Combining the best of the results from a wide variety of these
approaches (superpositional, non-superpositional, electrostatic and
chemical feature-based) gives a diverse set of potentially similar
ligands for subsequent analysis or assay.
A suitable searching method needs to possess
certain characteristics:
- It should be able to identify
compounds which are “biologically similar”; in other words compounds that have
an increased likelihood of sharing biological activity with the query molecule.
- It should identified compounds
that are chemically distinct from the query; compounds which are close analogues
of the query are much less interesting than compounds which possess a very
different chemical scaffold. This
suggests that the comparison should be based not on the similarity to the
moelcule’s skeleton of atoms and bonds but on
its external appearance – its shape, electrostatic potential and other
relevant fields.
- It must be very fast, to allow
the calculation to complete in a reasonable time even when many millions of
compounds are being considered.
The suite of Affinity methods collectively known
as RAMS (Rapid Assessment of Molecular Similarity) enable lightening fast
identification of compounds which are similar to a query moecule in terms of
molecular shape or a combination of shape and other molecular properties. It is well-known that these properties, in
particular shape, electrostatics and lipophilicity, are key determinants of
molecular recognition and it is similarity in these terms, rather than the
connection of atoms or functional groups, that detemines bio-isosterism.
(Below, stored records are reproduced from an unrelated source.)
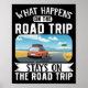 Ce drôle de plan de route de vêtements de vacances assortis lit ce qui se passe sur le voyage sur la route reste sur le voyage. Le design est doté d'une aquarelle.
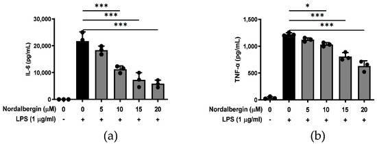 Effect of nordalbergin on the production of IL-6 and TNF-α by LPS-stimulated BV2 cells. Cells were pretreated with nordalbergin (0–20 μM) for 30 min and then primed with LPS for 24 h. Production of (a) IL-6 and (b) TNF-α was detected using ELISA. Data are shown as mean ± SD (n = 3; * p < 0.05, *** p < 0.01).
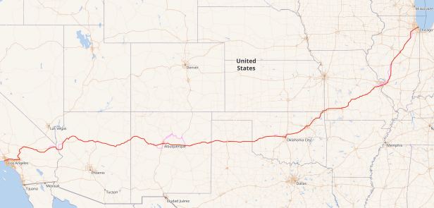 I have tried, in retrospect, to use Google Maps to show where I went. Sadly, there is no way that that program can be persuaded to illustrate it accurately. The daily start and finish points are accurate – but on the big maps, more illustrative than completely accurate. In the more localised ones, particularly between Oklahoma and California, they are more accurate, but please do not take them as gospel. If you decide to go yourself, do what I really failed to do myself, some prior research !!
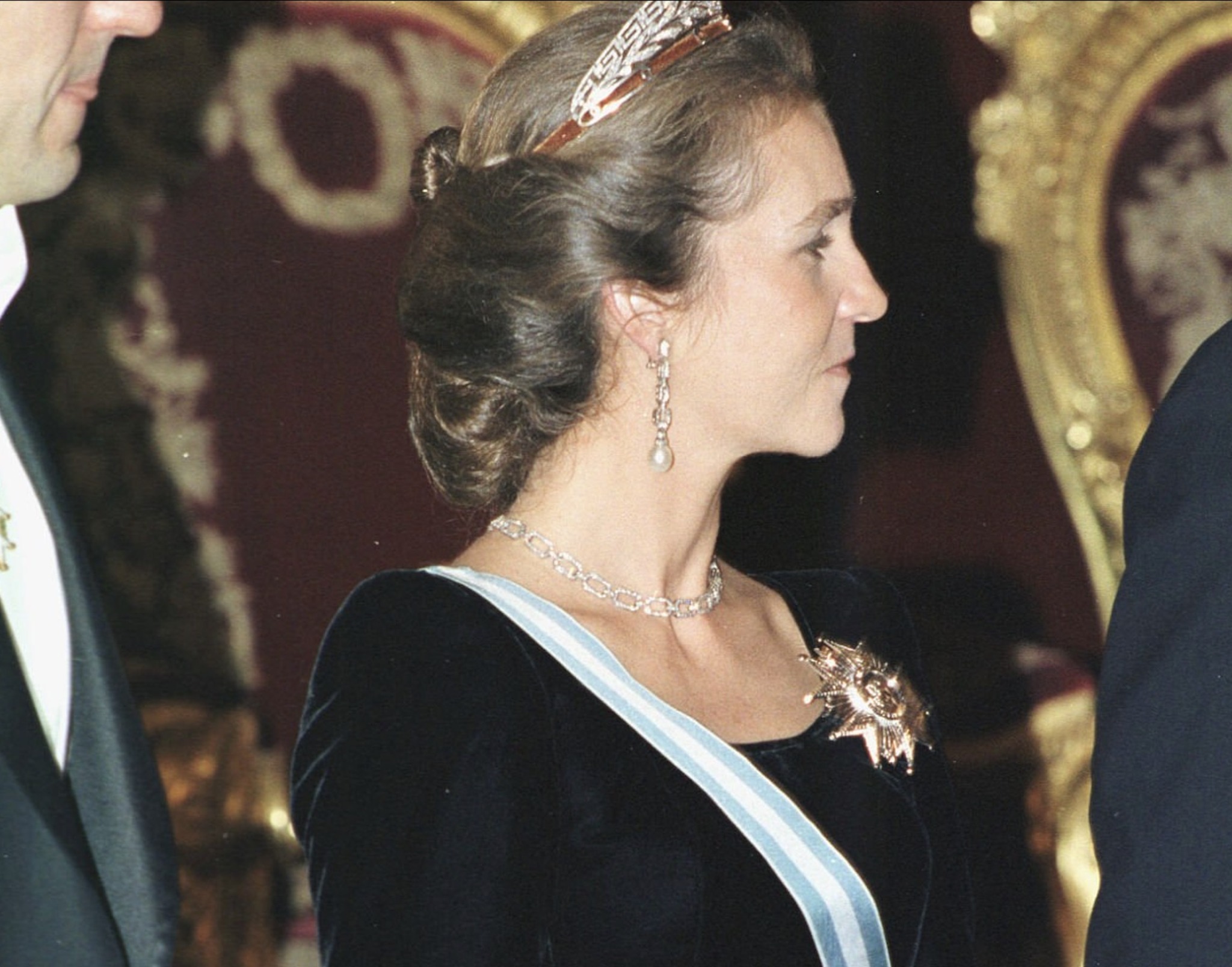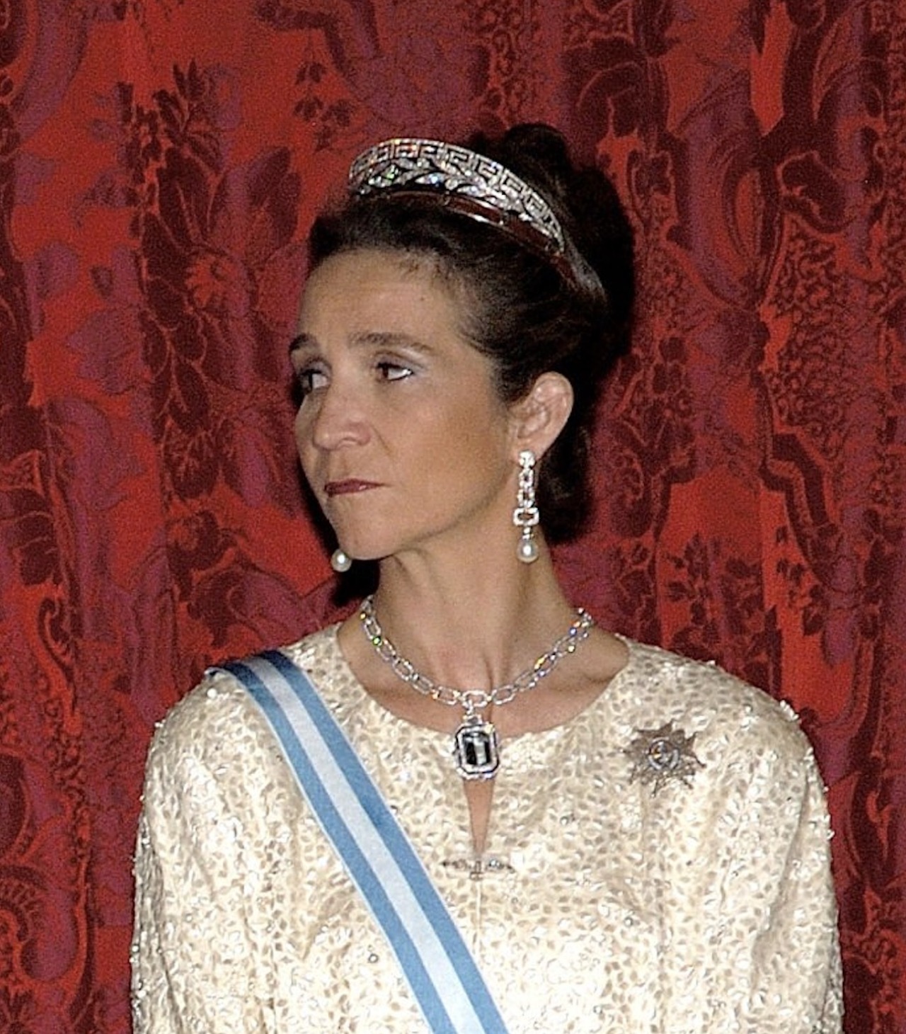 The diamond chain necklace became something of a signature jewel for the Infanta during the late 1990s and early 2000s. It was notably paired with the Marichalar Tiara for several state banquets at the Royal Palace of Madrid.
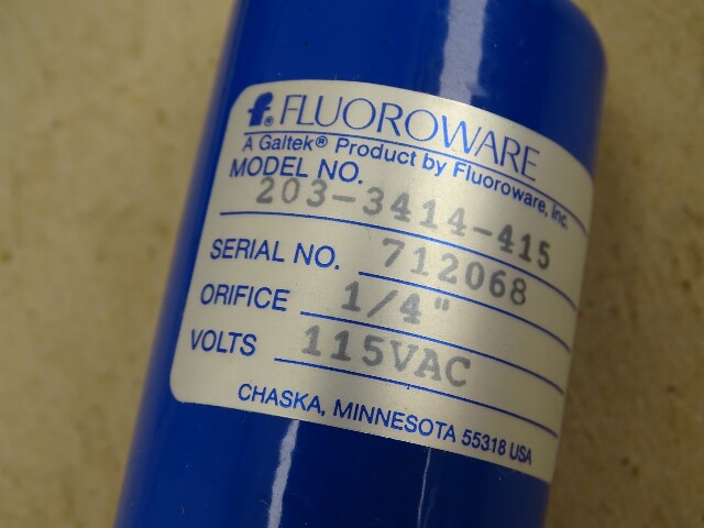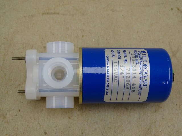 Flouroware 1/4" 3-Way PFA Solenoid Valve 115VAC, 203-3414-415
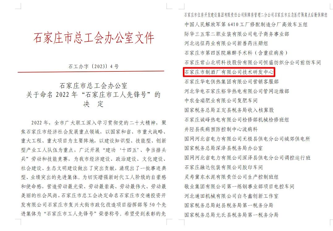 近日,石家庄市总工会办公会印发了《关于命名2022年“石家庄市工人先锋号”的决定》的通知,国投集团所属石酒公司技术研发中心被授予“石家庄市工人先锋号”荣誉称号。
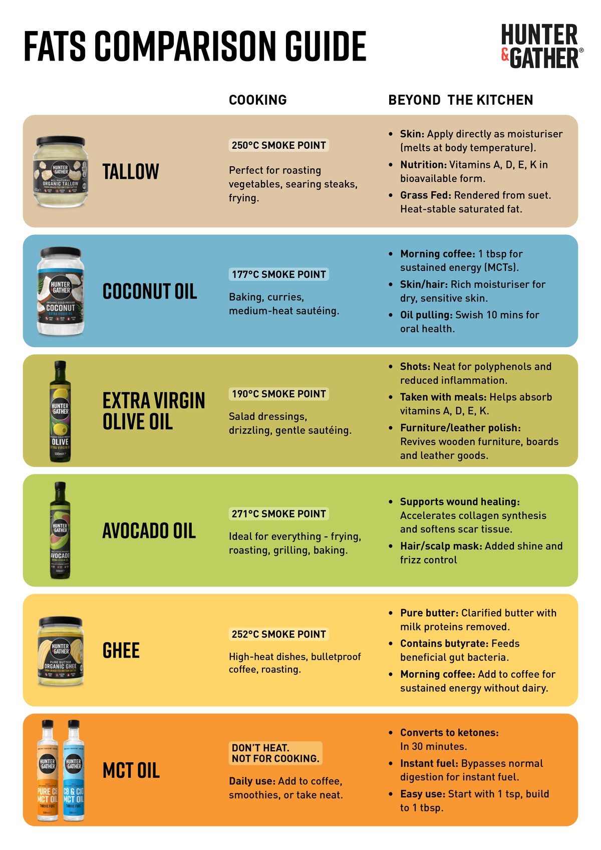 Olive oil (Extra Virgin) has a smoke point of around 190C, which is lower than that of other cooking oils. We therefore recommend using Extra Virgin olive oil as a cold use oil and option for another oil with a higher smoke point for cooking (Avocado 255C or Ghee 250C for example).
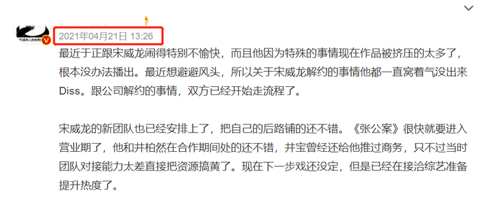 没想到两人这么快就闹翻了。关于闹掰的原因,其实去年4月就有知情人透露,两人闹得很不愉快,于正因为特殊原因,很多作品无法播出,宋威龙又闹起解约,当时两人已经开始走流程了。而宋威龙也早已给自己铺路,组织了新团队。
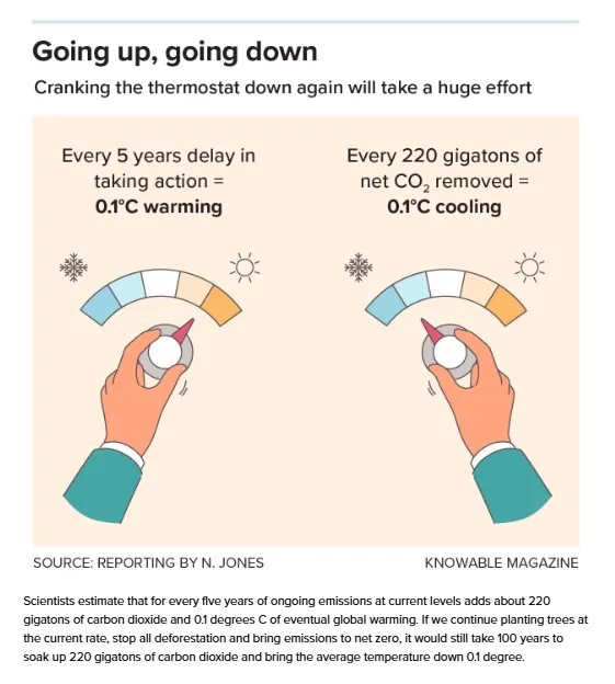 The effort needed to bring temperature back down again goes beyond the effort needed to hold global warming at a set target. The best estimate currently is that you need to remove a net of 220 gigatons of carbon dioxide from the atmosphere for every 0.1 degree Celsius of cooling.
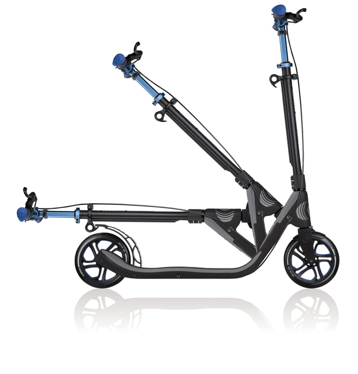 - 1 sec fold up scooter for adults with high-rebound PU casted 205mm front & 180mm back wheels with ABEC7 bearings.
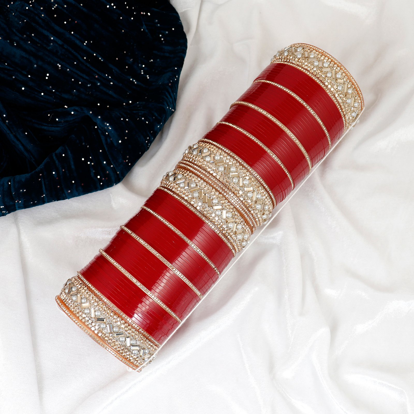 Featuring rich bangles combined with sparkling stones and golden detailing, this Chudi is perfect for weddings, bridal wear, and special occasions.
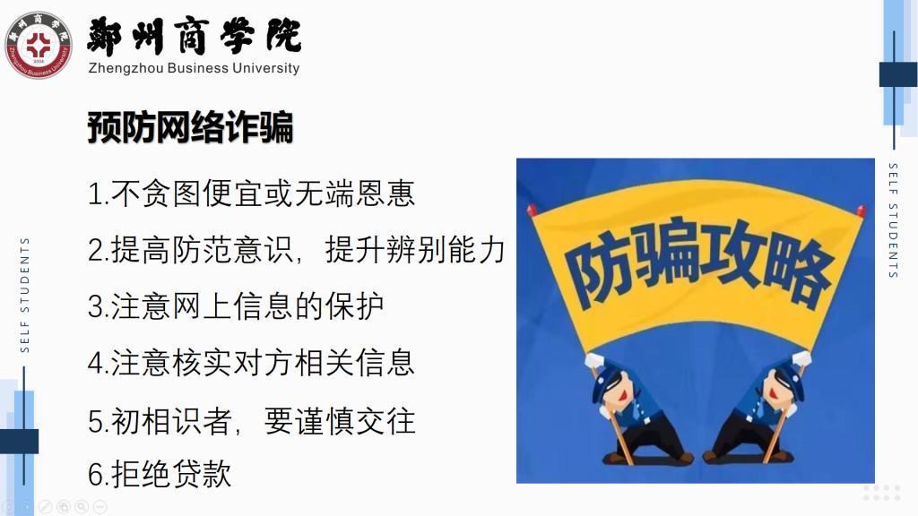 校园网络诈骗日剧严重,成为校园安全的一颗潜在毒瘤。其中,大学生开学季既是这颗毒瘤爆发的“高发季”。会议初,辅导员结合各大高校曾经发生过的的几起实际案例来引出今天得班会主题——防诈骗,其中又通过近日的时政、新闻等信息抛砖引玉,为同学们生动形象的科普了日常生活中的诈骗手段,让同学们学会预防电信诈骗,增强了同学们的防范意识,同时也提醒同学们有事找老师,有事找学院。

Whilst this has been appreciated for a long
time, these molecular features are complex objects to represent and compare
computationally. Historically, shape
matching has been performed by molecular superpositon algorithms that are
computationally intensive, which therefor limits their application to large
databases. The development of
alignmnet-free molecular similarity measures that can describe shape and
properties effectively has removed this bottleneck.
RAMS
RAMS represents a family of alignment-free, 3D, molecular similarity methods which execute near real-time ligand searching
based on combinations of shape, charge and various phyico-chemical
properties.
The key technology to enable the exceptionally fast searching that is possible with the RAMS methodologies is the calculation of a compact descriptor that captures the complexities of molecular shape. A key enhancement over previously
described non-superpositional methods is that CSR takes into account the
chirality of the molecules being compared, while retaining the speed
and efficiency of these methods. These differences are important because
interactions between proteins and small molecules are often chiral in
nature. Using CSR, similarly shaped compounds can be quickly identified
from within even the largest molecular databases. In addition, the
problematic requirement of aligning molecules for comparison is
circumvented, as the proposed distributions are independent of molecular
orientation. CSR has been demonstrated [3] to provide superior enrichment to previously described methods.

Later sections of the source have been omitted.